The Circle K store on the northwest corner of Seventh Avenue and McDowell is probably one of the more beleaguered outposts in the convenience store's empire.
On weekend nights, McDowell Road is crowded with cruisers, the air pulsating with the thump of superamplified car stereos. The store also serves as home base for the area's transient population, some of whom camp in nearby alleys, their crash spots marked off by empty bottles and piles of debris.
By 1 a.m. on a recent Saturday, though, traffic on McDowell has dropped to almost nothing. The Circle K parking lot is largely deserted. But it does not lack for drama.
Two men who look like members of a police SWAT team are frisking a young man splayed across the hood of his Honda.
Crisp black shirts and black fatigue pants are tucked into black combat boots. Handcuffs and pepper spray hang from belts already weighted down by 9 mm pistols. Extra clips, too.
These are not the city's finest, however. They're employed by Phoenix Security International, a relatively new company that has a contract with Circle K to provide security for the chain's Phoenix stores.
The crime: peeing in a parking lot.
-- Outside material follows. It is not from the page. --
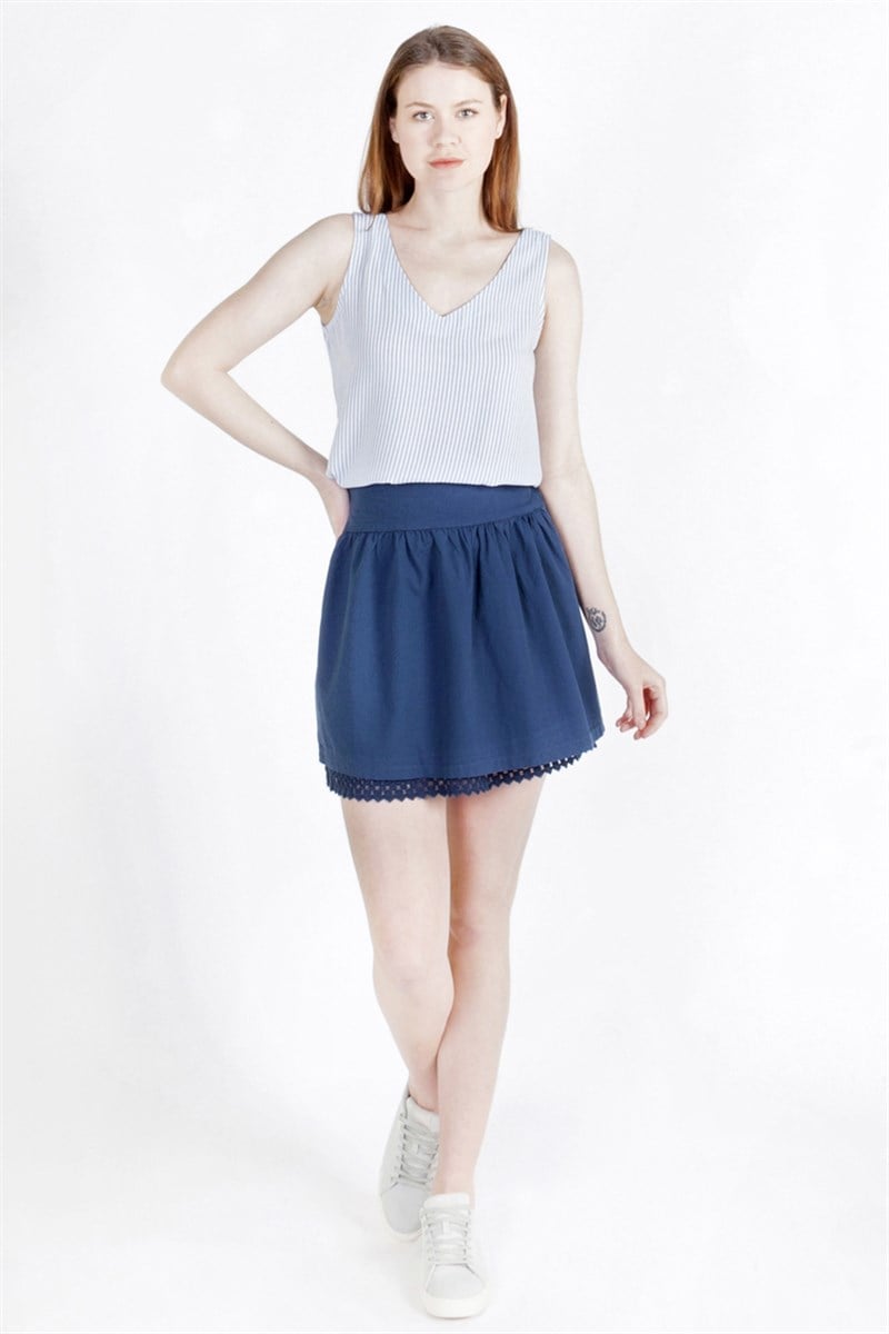 *Arka Beli Lastikli, Astarlı, Kısa Etek. Kumaş İçeriği: %100 Pamuk

The young suspect was caught, quite literally, with his pants down. The two security guards, also very young, go about their pat-down as if Carlos the Jackal himself were face down on the hood.
Eventually, the security duo calls in the real police, and points out the puddle of urine in the corner of the parking lot. The Phoenix police officer notes the puddle's size and location. He gives the guy a ticket and turns him loose.
As far as the police are concerned, the guards have acted within their authority. They have exercised their citizens' arrest powers--the same as a bouncer throwing a rowdy patron out of a bar, or a homeowner subduing a burglar on his property.
"It's a pretty basic right," says Sergeant Mike Torres, a Phoenix Police Department spokesman. "You're allowed to escalate your level of force one level beyond your adversary's in order to restore order."
But the specter of black-clad security forces rousting a motorist who peed in a parking lot illustrates a debate that is taking shape in the public sector as well as within the private-security industry itself.
The security business is booming, with companies pushing into a relatively new residential market. More and more neighborhoods are relying on private guards to provide some kind of protection that once was handled by real police officers.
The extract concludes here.